* _EXTRACTED RECORDS_

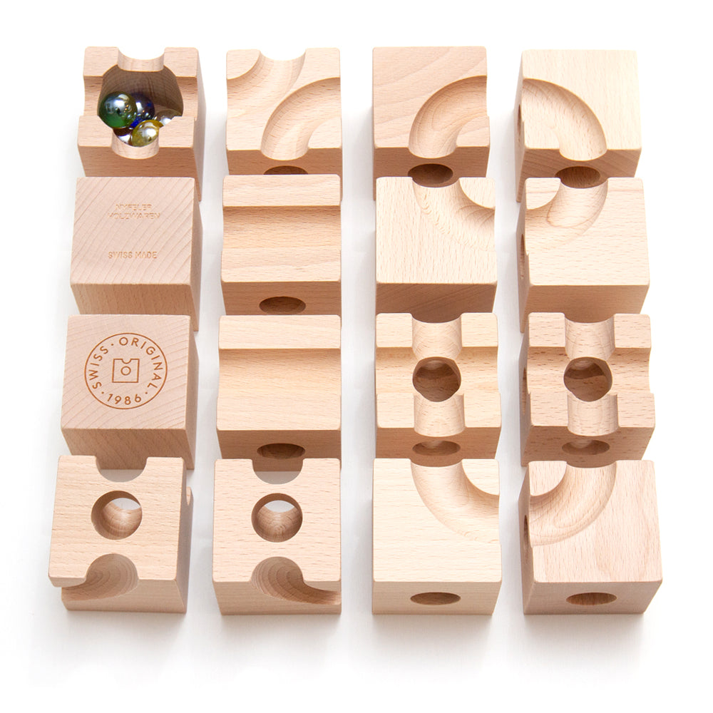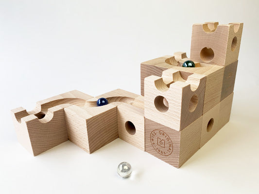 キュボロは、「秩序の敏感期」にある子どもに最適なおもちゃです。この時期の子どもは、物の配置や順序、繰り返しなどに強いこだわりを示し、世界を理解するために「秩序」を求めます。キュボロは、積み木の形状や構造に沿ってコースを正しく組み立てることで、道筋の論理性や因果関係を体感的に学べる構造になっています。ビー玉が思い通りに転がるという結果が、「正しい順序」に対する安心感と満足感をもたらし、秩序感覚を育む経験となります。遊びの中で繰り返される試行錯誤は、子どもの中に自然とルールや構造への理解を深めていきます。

==

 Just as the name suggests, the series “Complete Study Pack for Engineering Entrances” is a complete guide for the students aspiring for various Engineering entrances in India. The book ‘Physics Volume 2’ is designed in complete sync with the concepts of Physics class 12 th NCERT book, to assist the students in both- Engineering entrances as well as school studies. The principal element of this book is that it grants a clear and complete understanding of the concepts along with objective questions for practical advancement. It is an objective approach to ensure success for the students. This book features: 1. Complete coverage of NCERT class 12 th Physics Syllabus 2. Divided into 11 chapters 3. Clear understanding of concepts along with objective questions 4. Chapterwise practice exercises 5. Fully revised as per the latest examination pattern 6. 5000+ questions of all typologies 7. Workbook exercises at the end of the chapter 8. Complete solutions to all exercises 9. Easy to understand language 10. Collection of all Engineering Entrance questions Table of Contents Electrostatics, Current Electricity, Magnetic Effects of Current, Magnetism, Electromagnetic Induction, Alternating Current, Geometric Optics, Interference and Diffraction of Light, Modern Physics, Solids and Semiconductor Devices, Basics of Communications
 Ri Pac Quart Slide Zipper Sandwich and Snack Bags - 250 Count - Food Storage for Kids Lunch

--

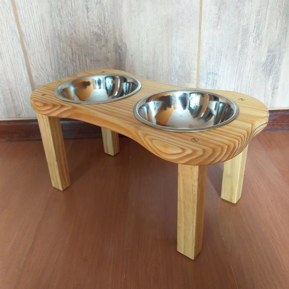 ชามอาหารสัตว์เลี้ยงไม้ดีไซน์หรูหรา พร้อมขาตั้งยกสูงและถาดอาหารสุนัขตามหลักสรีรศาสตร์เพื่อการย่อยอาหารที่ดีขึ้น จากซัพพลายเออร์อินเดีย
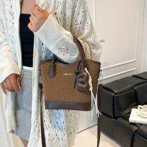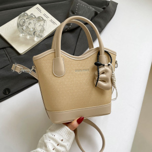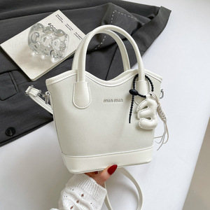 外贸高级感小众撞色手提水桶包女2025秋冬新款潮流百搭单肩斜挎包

* _TASK DESCRIPTION_
Only the lines above from the one with "Just as the" up to and including the one with "Ri Pac Quart" should be repeated, exactly as written.

* _TASK ANSWER_
 Just as the name suggests, the series “Complete Study Pack for Engineering Entrances” is a complete guide for the students aspiring for various Engineering entrances in India. The book ‘Physics Volume 2’ is designed in complete sync with the concepts of Physics class 12 th NCERT book, to assist the students in both- Engineering entrances as well as school studies. The principal element of this book is that it grants a clear and complete understanding of the concepts along with objective questions for practical advancement. It is an objective approach to ensure success for the students. This book features: 1. Complete coverage of NCERT class 12 th Physics Syllabus 2. Divided into 11 chapters 3. Clear understanding of concepts along with objective questions 4. Chapterwise practice exercises 5. Fully revised as per the latest examination pattern 6. 5000+ questions of all typologies 7. Workbook exercises at the end of the chapter 8. Complete solutions to all exercises 9. Easy to understand language 10. Collection of all Engineering Entrance questions Table of Contents Electrostatics, Current Electricity, Magnetic Effects of Current, Magnetism, Electromagnetic Induction, Alternating Current, Geometric Optics, Interference and Diffraction of Light, Modern Physics, Solids and Semiconductor Devices, Basics of Communications
 Ri Pac Quart Slide Zipper Sandwich and Snack Bags - 250 Count - Food Storage for Kids Lunch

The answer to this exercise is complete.